Фоня наш — ну Афанасий, или Толик-Рубеж, если по-нынешнему, — куда больше с Жекой общается, шебутные они оба. Чего это он…
— Говорит, проезжал неподалеку. Вышел на стоянке бензин залить, тут его и ножом…
— Насмерть? — ахнула я, забыв, что покойники так просто в гости не заявляются.
— Не очень… так, полоснули. Я ему шарфик взамен дала, у него весь в крови был.
— Так он что, к тебе за шарфиком заехал?
— Нет, ну что ты? Ему вероника нужна была, кровь остановить. У меня как раз еще оставалось, я ему целую горсть и отсыпала в карман. И компресс сразу сделала, чтобы приложить…
Мертвая ягода вероника глубокие раны не затягивает, только поверхностные. Хоть тридцать раз ее распарь, а проникающее ножевое не залечишь. Значит, не так уж серьезно все у Фони. Он же Охранник вроде как, ему по работе такое привычно. Тем более — сам приехал за лекарством, сам уехал. Ничего особенного, нам же это — как мирскому гриппом переболеть: неприятно, но не смертельно. И чего Марфа так нервничает? Впрочем, мне после таежного затишья все московские Сторожевые дергаными казались. Про людей я вообще не говорю.
— А Фоню твоя Анечка не испугалась?
— Да нет, она спала уже к тому моменту. Я ей чаю с медом дала, так она сразу…
— Зерничного чаю?
— Нет, простого, мятного. Он успокаивает.
— Так, может, и не посвящать тогда? Рано ей образовываться?
— Не знаю я, Лен. Не знаю. Как бы потом поздно не стало. Ты у Тимофея ведь была, да?
— Пятого вернулась.
— Как там? Спокойно?
— Как в банке с огурцами. Тоска и муть зеленая.
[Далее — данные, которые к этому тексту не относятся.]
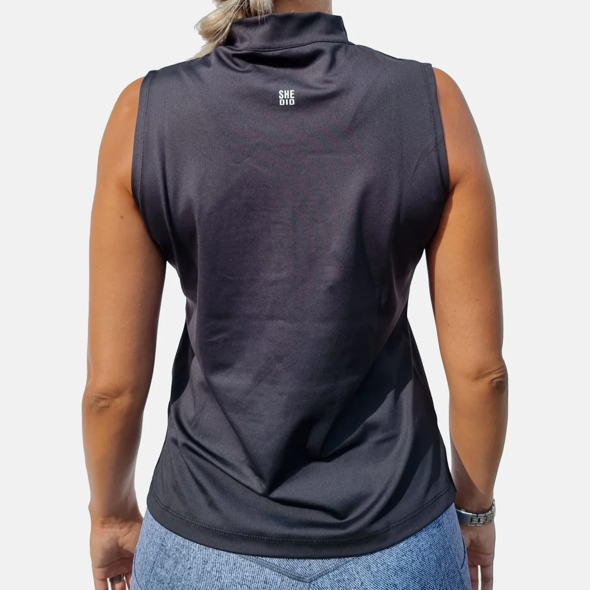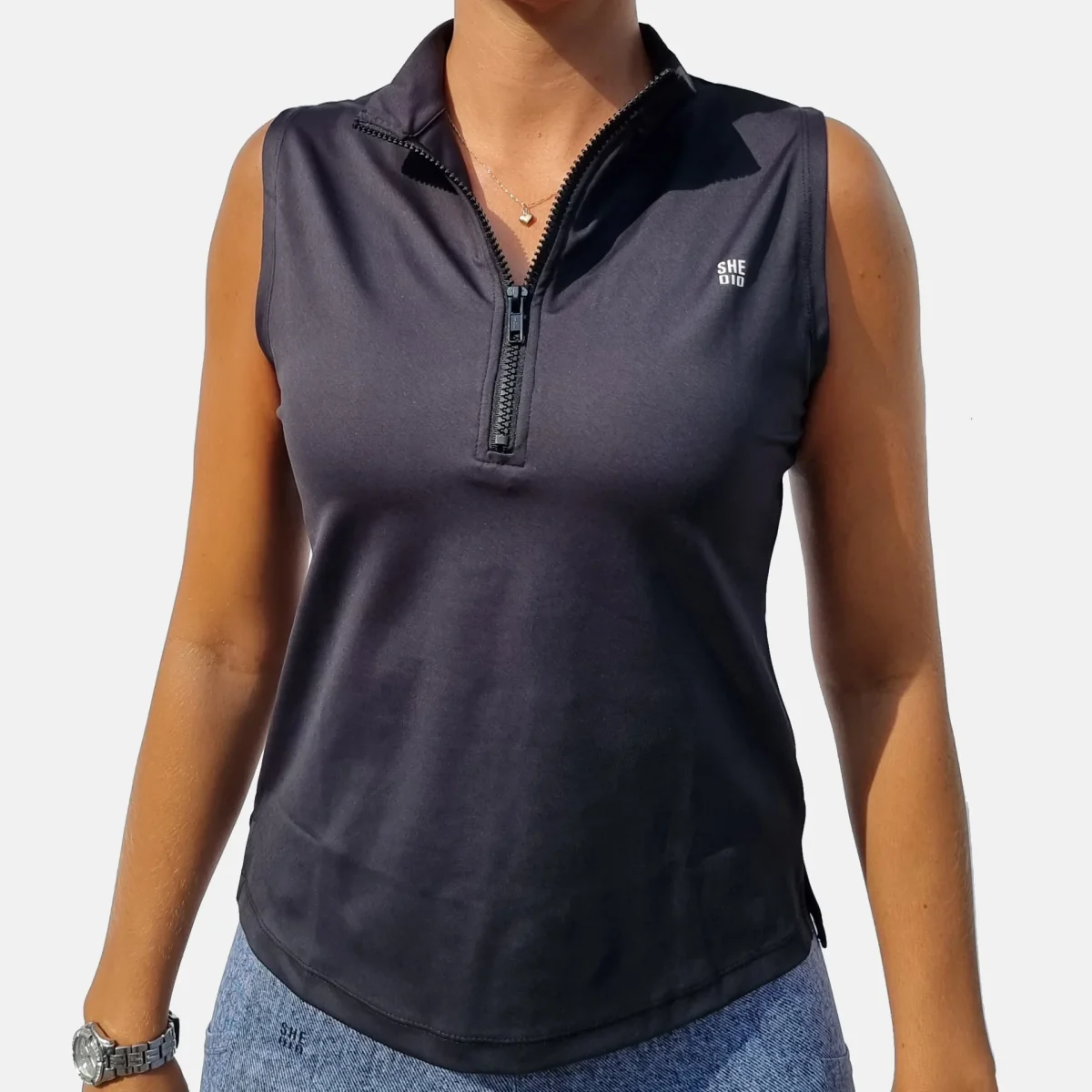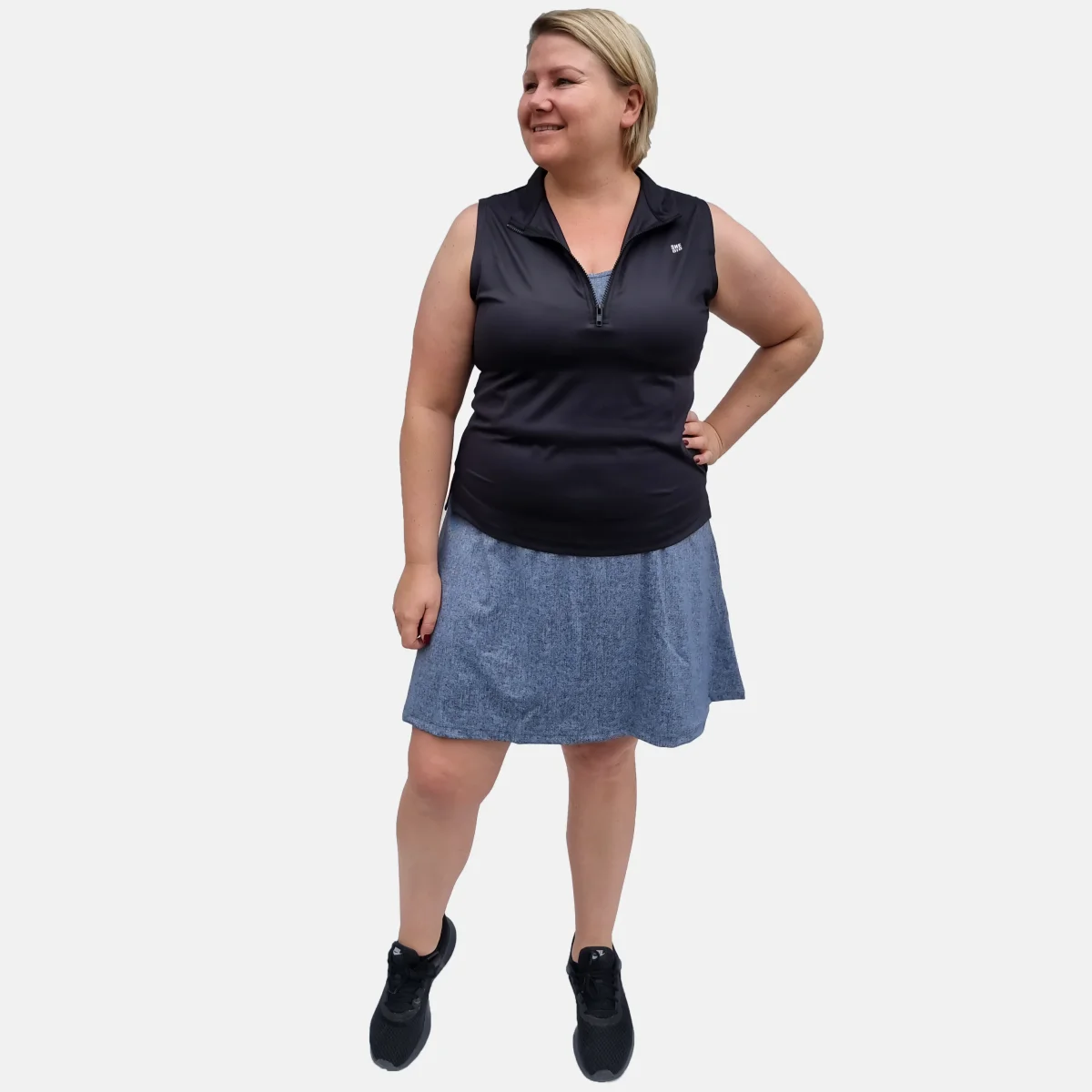 Vårt svarta linne har dragkedja fram och hög krage. Den passar lika bra som att träna i eller bara som den är till vardags. Passformen är ledig, men vill du ha den mer åtsittande är den snygg att stoppa in.
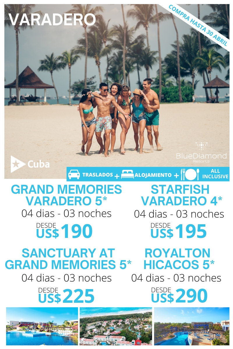 Blue Diamond Varadero 04 DIAS – 03 NOCHES Traslado Aeropuerto – Hotel – Aeropuerto 03 noches de alojamiento. Plan de alimentación: All Inclusive Uso de las instalaciones del hotel. HOTEL DWB NA TPL NA CHD NA GRAND MEMORIES VARADERO 5* 190 50 180 85 115 25 STARFISH VARADERO 4* 195 50 190 50 95…
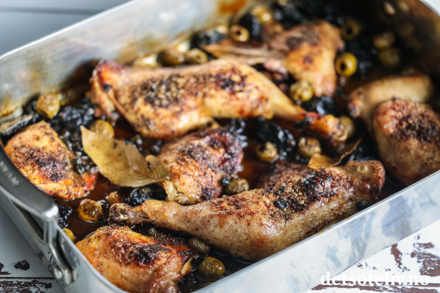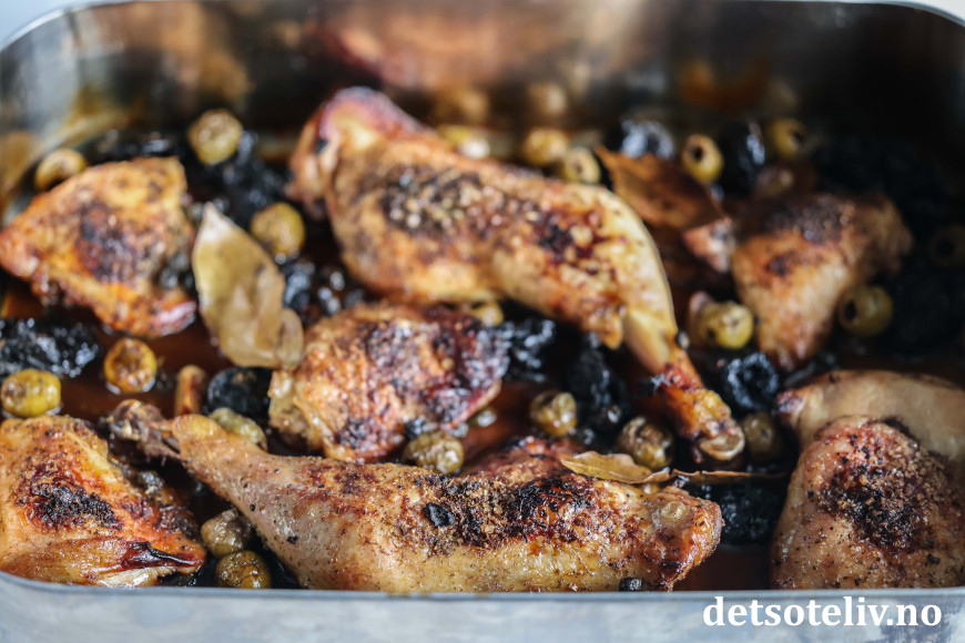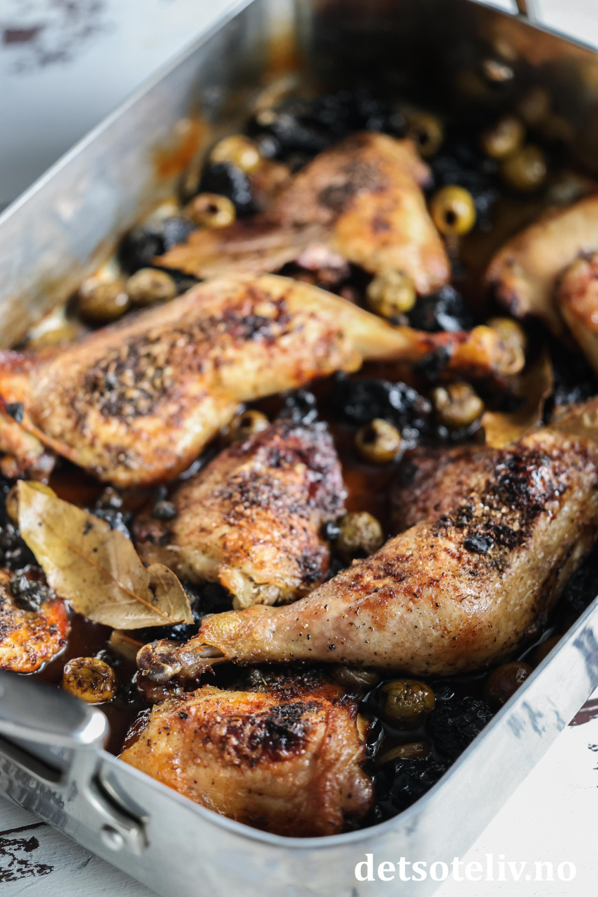 Skrell hvitløksfedd, knus dem lett og legg dem innimellom kyllingstykkene. Fordel svisker, oliven og kapers innimellom kyllingstykkene.
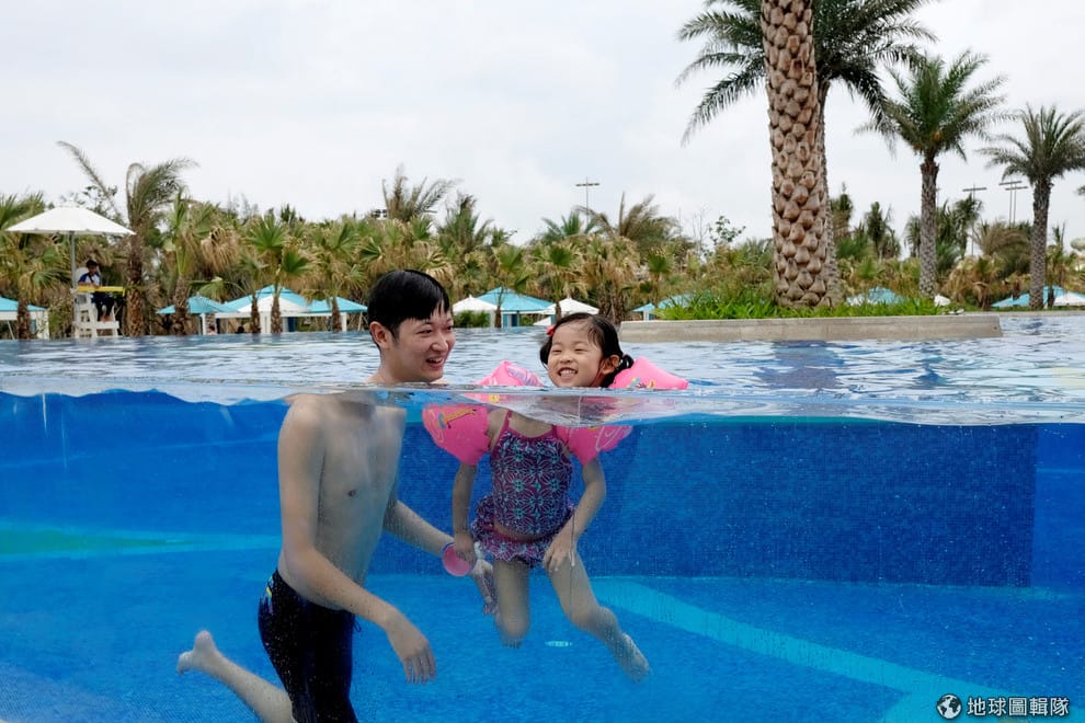 在海南省三亞市,一名住在度假村的遊客和他的女兒正在游泳池嬉戲。
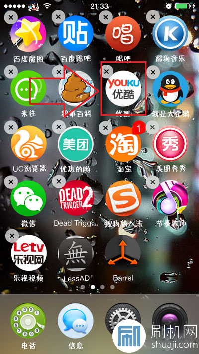 4:開啟後回到桌面,找到一個APP,我們以優酷為例:長按APP至抖動狀態。
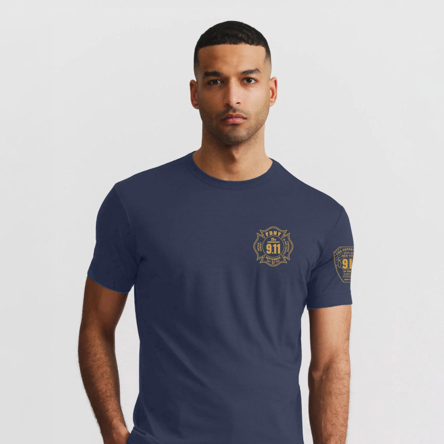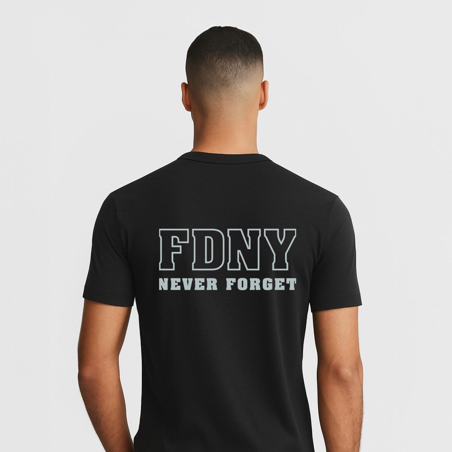 Featuring the 25th Anniversary 9/11 emblem on the front chest and left sleeve, along with a bold FDNY / NEVER FORGET design across the back, this commemorative tee offers a respectful and timeless tribute. Available in Navy with gold ink, Black with gold ink, and Black with silver ink.
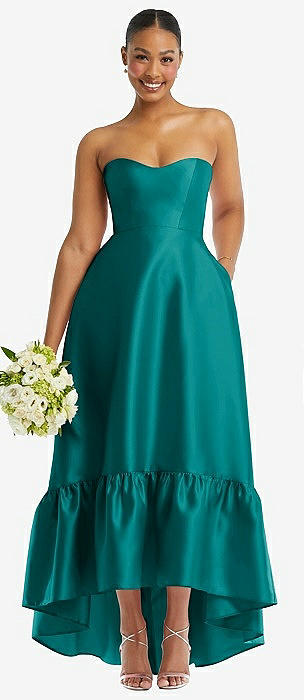 Strapless Deep Ruffle Hem Satin High Low Dress with Pockets in jade
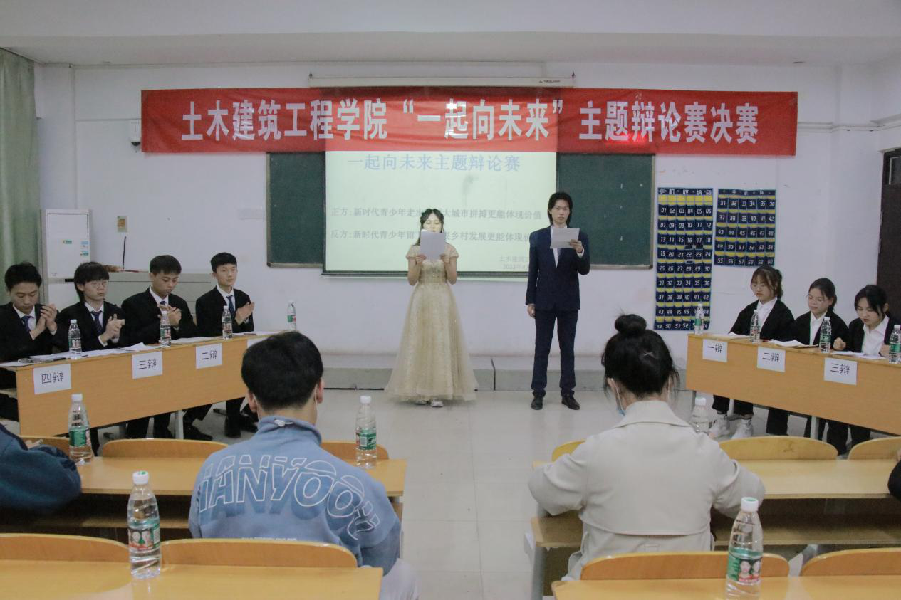 4月18日晚7点,土木建筑工程学院“一起向未来”辩论赛决赛在3号教学楼203教室举行,学院2021级辅导员陈玫含以及部分2021级同学参与了本场辩论赛。经过前期小组赛的精彩角逐,共两支参赛队伍晋级决赛。
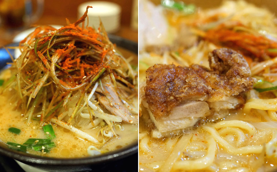 白髪ネギにタップリ、赤い唐辛子。おろしたニンニクもタップリくわえて寒い夜には体がぽかぽか温まる。
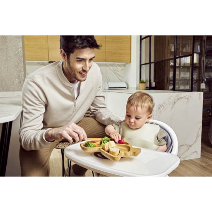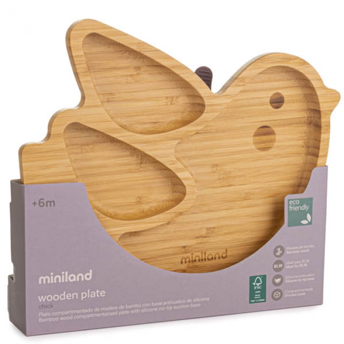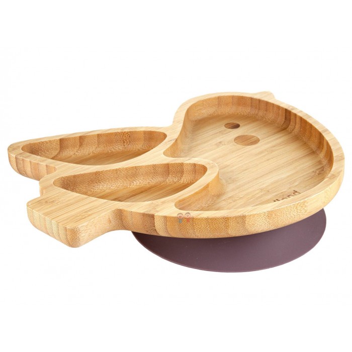 Тарілка у формі кумедного жабеня виготовлена з натурального екологічно чистого матеріалу - бамбука. Складається з трьох секцій (одна велика та 2 маленькі), для поділу продуктів. Щоб малюк не перекинув тарілку, вона має силіконову присоску на основі, тому вона легко і надійно кріпиться до дитячого стільця для годування або столу.
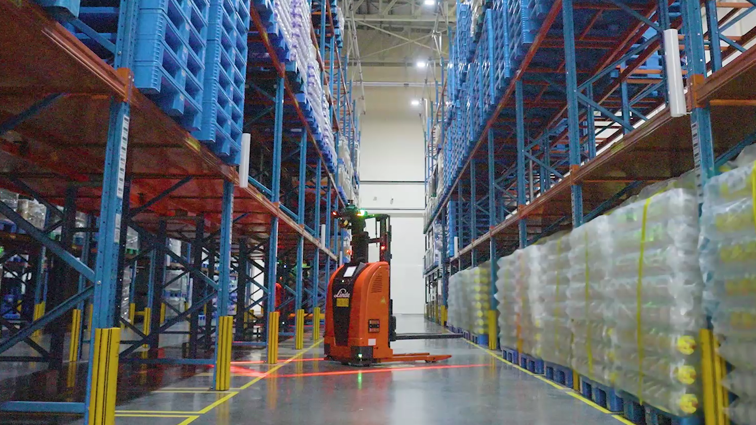 林德 L-MATIC 系列托盤堆垛機器人(負載 1200-2000kg)專為復雜物流場景打造。 其 360° 安全設計結合獨立安全模塊與多傳感器,可精準感知環境變化并避障。性能上,憑借 ±10mm 的高定位精度、1.5m/s的運行速度、以及行駛/轉向/提升動作同步技術和動態路徑規劃,實現高效流暢的堆垛作業。此外,其成熟的車載控制與調度系統支持多種通信協議,可無縫對接各類倉儲管理系統(WMS),并協同安全門、電梯、傳送線等設備,廣泛應用于產線配送、貨架存儲、物料上下架等任務。
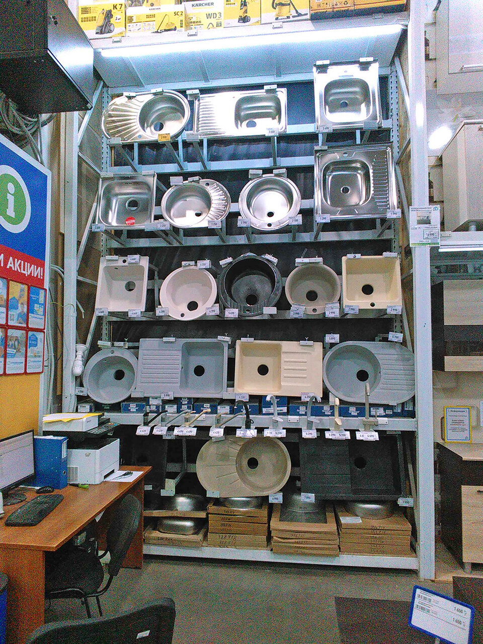 Вроди бы все нормально. Практически все есть. Но когда начинаешь искать определенную вещь, это мрак. Все в разброс, бардак в основном везде. Работники не профессиональны, к тому же их никогда нет на месте. Приходится бегать искать. Бывали случаи, что тяжелый товар приходилось таскать самому, и через кассу. Потому что, видите ли, на складе такого товара нет. Многие товары не пробиваются на кассе, и клиенту приходится самому бежать и менять. Хотя это обязанность магазина и его персонала. Одно радует, не грубят, но тупо разводят руками
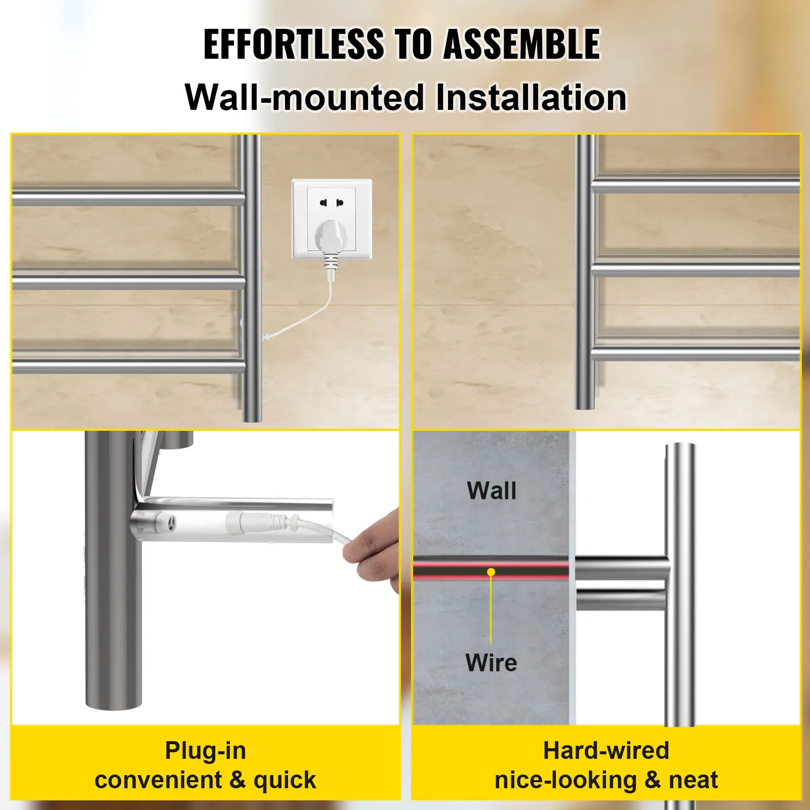 • Wall-mounted Installation: Our high-quality electric towel drying rack can be easily installed on the wall. If you want to make your wall looks neat, you can choose the hard-wired way to hide the cables. Otherwise, you will get an effortless setup by selecting a plug-in. Both left and right sides are designed for your assembly.

— Ну, тоска — это неважно, — отмахнулась Марфа новой чадящей впустую сигаретой. — Я вот думаю, может, нам с Анечкой уехать туда?
— Обновляться вздумала? Так ты же вроде недавно…
— Да не это, — поморщилась Марфа. — Ты не рожала, не поймешь… Страшно мне за нее.
— На пустом месте?
Марфа не ответила, да и я замолчала. У Марфы ведь был ребеночек однажды, от одного из наших. Мало пожил. Природа… Мне такого не понять, я надеюсь, никогда… Хотя ведь готова была… Хорошо, Семен удержал от глупостей.
— Лен… — переменилась Марфа. — А можно я Аньке тебя покажу? Она тебя раньше видела уже, пусть удивится…
— Чему?
— Обновлению. Так-то она мне не поверит, если вдруг…
— Ну покажи, ладно. Вы бы правда заехали, что ли? Пусть она на крылаток посмотрит, это куда интереснее.
— И на крылаток, и на котов, — грустно кивнула Марфа. Потом на часики глянула, заспешила: — Лен, пошли, ты меня до вестибюля проводишь, там вроде аптечный киоск был… Тебе не надо?
А я даже и не знаю. Я так запасы трав толком и не проверила, не посмотрела, что Дорка израсходовала.
Аптечный киоск притулился внизу, под лестницей, у самого запасного выхода. Случайному посетителю опять же не разобрать. Да и товар на витрине выглядел неказисто: припыленные банки с травами — как в любой модной чайной лавке, тонюсенькие брошюрки навроде «Памятки садовода» и десяток-другой пузырьков — как с эфирными маслами для ванны. Так сразу и не поймешь, чем тут на самом деле торгуют.
В лишенный стекла проем была видна спина продавщицы в зеленой вязаной кофте. Слышно было, как шебуршат пестрые бумажные пакеты с живым товаром.
Марфа замерла у витрины: не то изучала цены, не то обдумывала сегодняшнее предприятие.